Entries taken from a collection

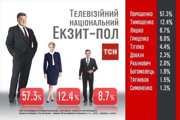 Згідно з даними телевізійного екзит-полу Петро Порошенко стане президентом у першому турі. Юлія Тимошенко та Олег Ляшко посіли друге і третє місце відповідно. Так, згідно з цими даними, Порошенко отримав 57,3% голосів. Це означає, що другого туру президентських виборів не буде. Другою до фінішу прийшла Юлія Тимошенко з результатом у 12,4%. Третє місце сенсаційно посів Олег Ляшко, набравши 8,7% голосів українців, - інформує ТСН.
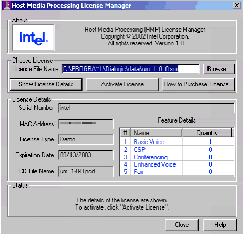 2. 如果HMP許可證管理器GUI沒(méi)有在屏幕上,可通過(guò)開(kāi)始 > 程序> Dialogic HMP 1.0 > HMP 許可證管理器訪問(wèn)它。.
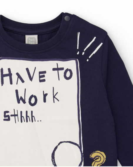 Long-sleeve t-shirt for boys in navy blue, decorated on the front with a striking print that includes comic-style illustrations and messages, with details in white, red and yellow. Made of soft cotton fabric, it provides comfort and freedom of movement, along with a practical shoulder button for easy dressing. Perfect to add an original and playful touch to everyday outfits.
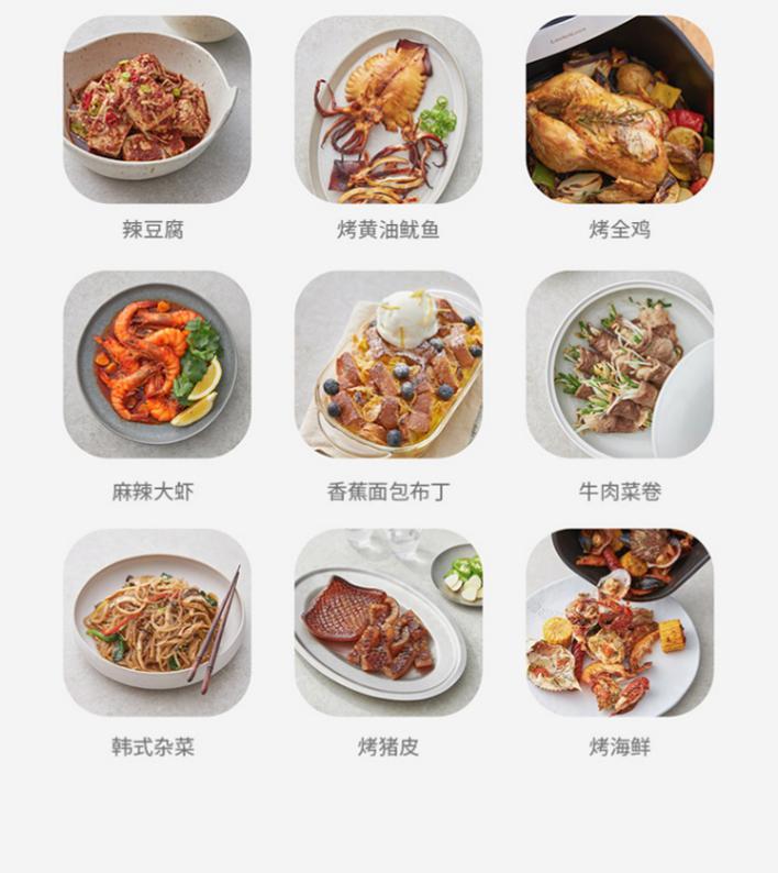 乐扣乐扣蒸嗨锅丰富的烹饪功能决定了它在菜式上丰富多样的可能性。纯蒸、纯烤和蒸烤结合的三大模式,大大扩张了它能够驾驭的菜品。从家常小菜到硬菜大菜,从传统美食到异国料理,只要灵活地采用适合的模式,就能够轻松做出同款网红美食,让厨房小白也能蜕变成美食博主。全方位满足你对美食的需求。
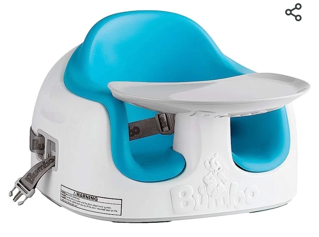 Bumbo Baby Adjustable 3-in-1 Non-Slip Booster Seat With Tray, Powder Blue, Open Box, Like New Condition
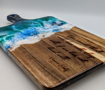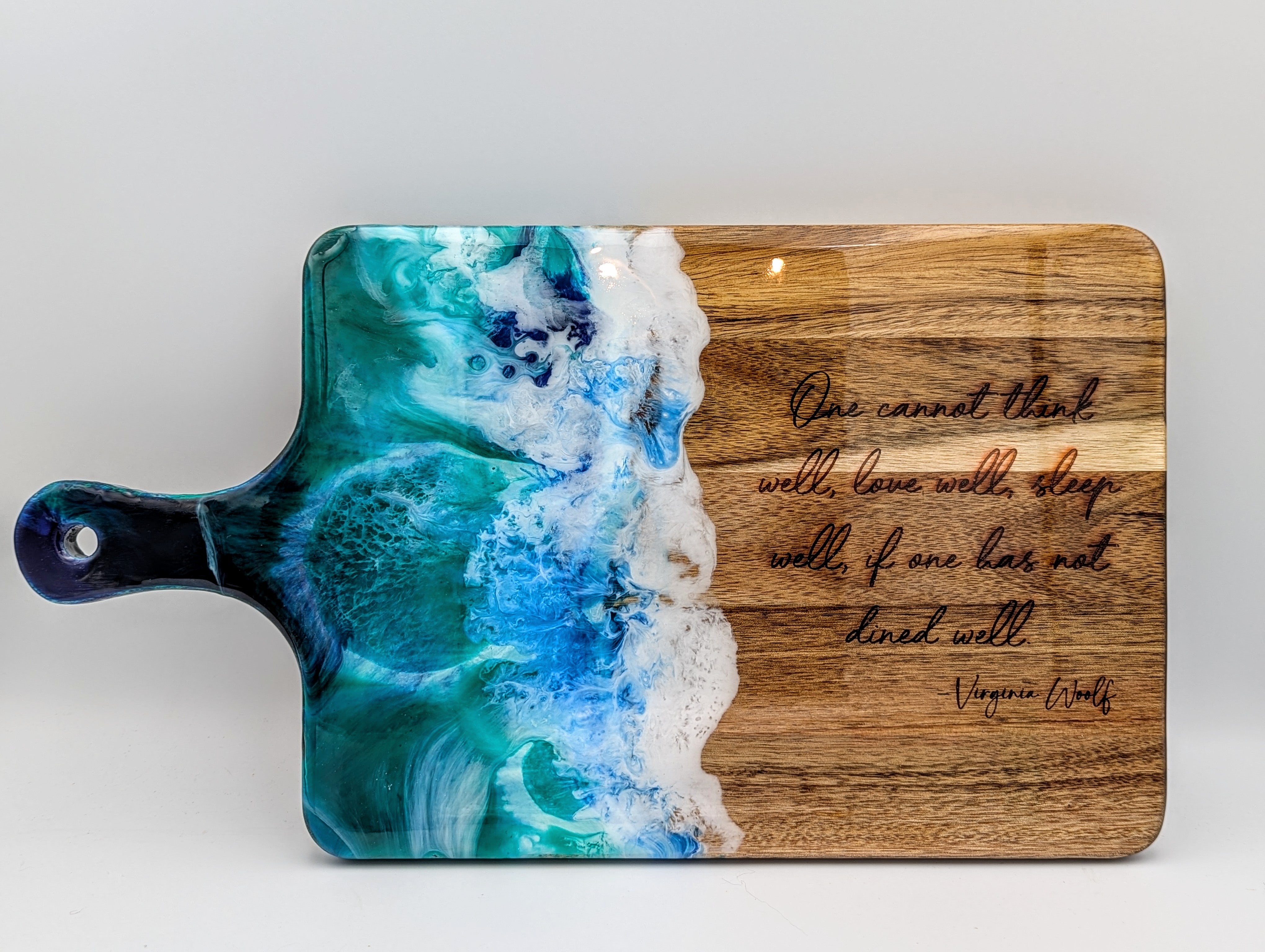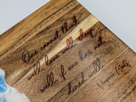 Handcrafted Wood Charcuterie Board for snacks. A fantastic holiday housewarming gift! Engraved with a Virginia Woolf Quote, "One cannot think well, love well, sleep well, if one has not dined well."
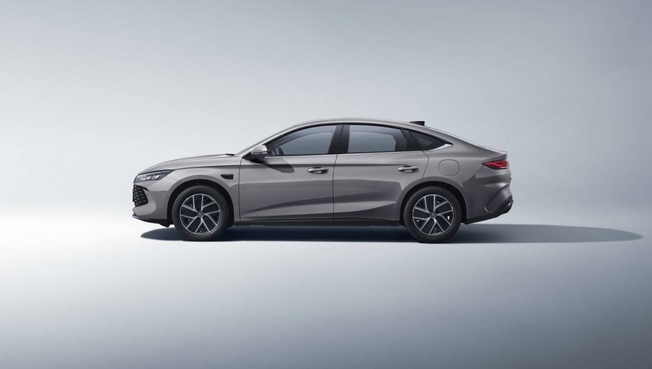 从侧面看,新车车身显得修长优雅、轮廓流畅,高挑的肩线自前车盖向后延伸,与一条自前翼子板下方向后延伸的腰线共同刻画出丰富的视觉效果,搭配大溜背,进一步凸显了整车的轿跑风味,而五幅式轮毂与整车低趴姿态的组合,也很好的融入了整车的运动氛围感。
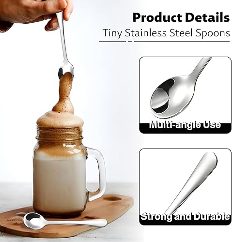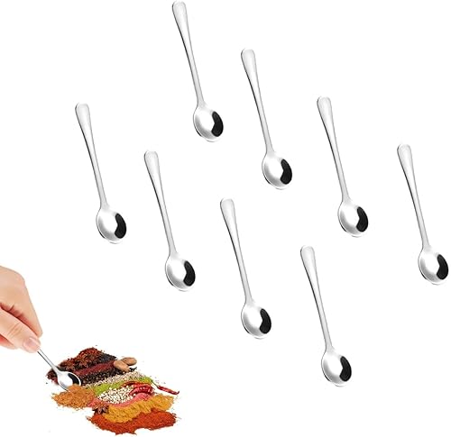Lot de 8 petites cuillères à expresso en acier inoxydable - Mini cuillères à expresso - 7,5 cm - Jolies petites cuillères à épices en acier inoxydable pour épices, sel, miel, cuillères à café - Fun
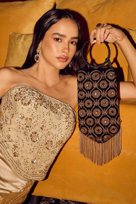 Hand-embroidered navratan stone details, Fringe tassel embellishment, Magnetic closure for easy access
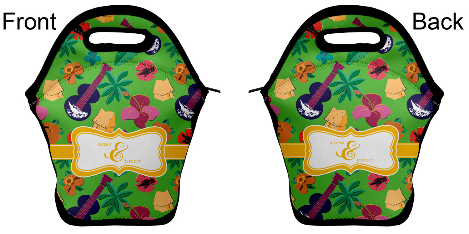 Our personalized lunch bags are made from a strong neoprene, and secure with a zipper closure that lines the top of the bag.The edges of the neoprene are sewn together with a heavy duty stitch, adding to the durability of the bag. The is accompanied by a reinforced handle at its top, for the easy transport of your lunch. We display your personalization across both the front and back of this neoprene lunch bag, while the remaining sides are a sleek black in color. Each bag measures at 13.5 inches tall, and 11.5 inches wide.
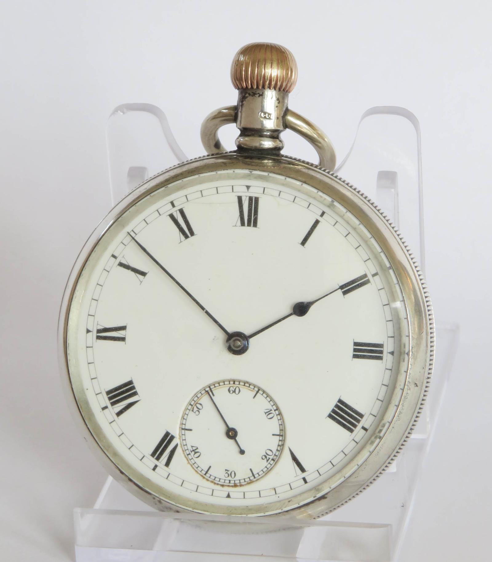The watch measures 49mm diameter excluding the winding stem and the loop. The case is silver and there are hallmarks for Birmingham 1907 with a case maker’s mark for Aaron Dennison, manufacturer of cases for Waltham UK. The case is in good condition, just one small “ding” to the side and general rubbing to the engine turned detail to the back of the watch, just from sitting in a pocket.
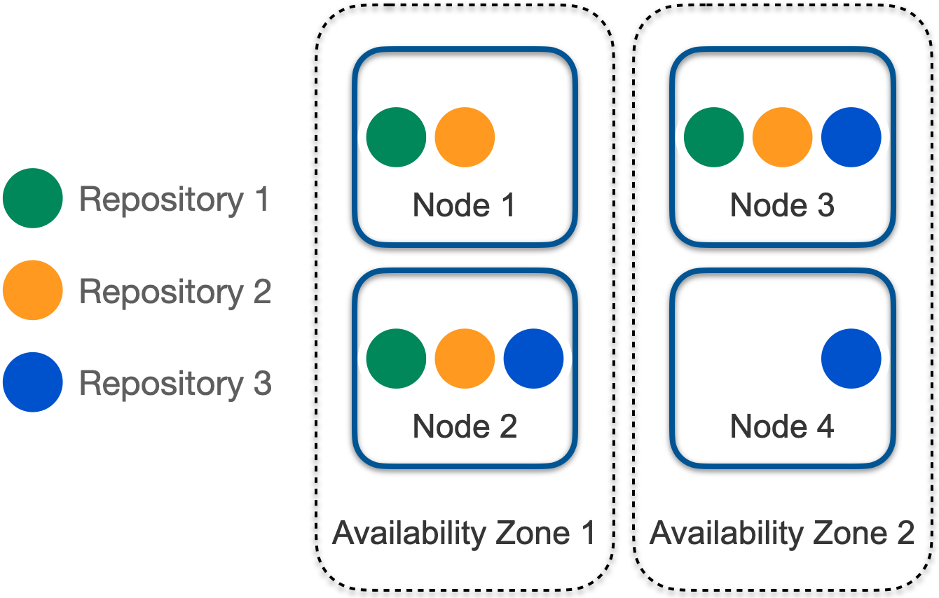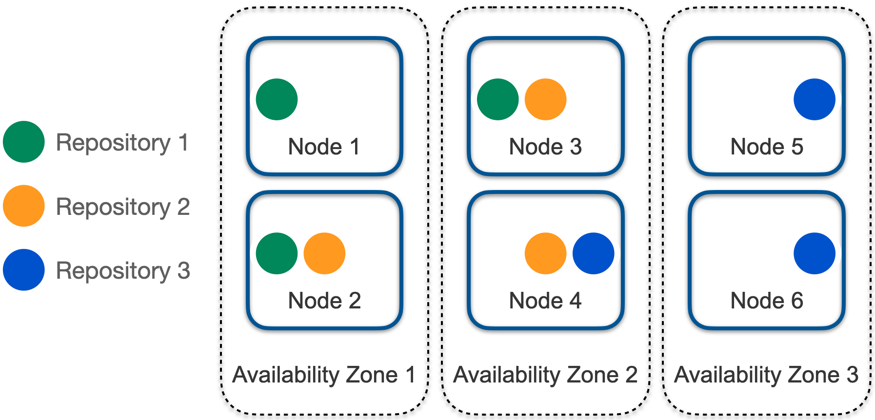 Take the scenario in Figure 10. For a replication factor of three, each replica can be placed in a separate availability zone. However, as illustrated, this hasn’t happened. An outage in any availability zone will result in one of the three repositories not being able to form a quorum for writing.

■ Aim of the exercise
Copy every line exactly, from the opening line of the entries down to the line holding "乐扣乐扣蒸嗨锅丰富的烹饪功能", and keep the pictures out.

■ Task solution
 Згідно з даними телевізійного екзит-полу Петро Порошенко стане президентом у першому турі. Юлія Тимошенко та Олег Ляшко посіли друге і третє місце відповідно. Так, згідно з цими даними, Порошенко отримав 57,3% голосів. Це означає, що другого туру президентських виборів не буде. Другою до фінішу прийшла Юлія Тимошенко з результатом у 12,4%. Третє місце сенсаційно посів Олег Ляшко, набравши 8,7% голосів українців, - інформує ТСН.
 2. 如果HMP許可證管理器GUI沒(méi)有在屏幕上,可通過(guò)開(kāi)始 > 程序> Dialogic HMP 1.0 > HMP 許可證管理器訪問(wèn)它。.
 Long-sleeve t-shirt for boys in navy blue, decorated on the front with a striking print that includes comic-style illustrations and messages, with details in white, red and yellow. Made of soft cotton fabric, it provides comfort and freedom of movement, along with a practical shoulder button for easy dressing. Perfect to add an original and playful touch to everyday outfits.
 乐扣乐扣蒸嗨锅丰富的烹饪功能决定了它在菜式上丰富多样的可能性。纯蒸、纯烤和蒸烤结合的三大模式,大大扩张了它能够驾驭的菜品。从家常小菜到硬菜大菜,从传统美食到异国料理,只要灵活地采用适合的模式,就能够轻松做出同款网红美食,让厨房小白也能蜕变成美食博主。全方位满足你对美食的需求。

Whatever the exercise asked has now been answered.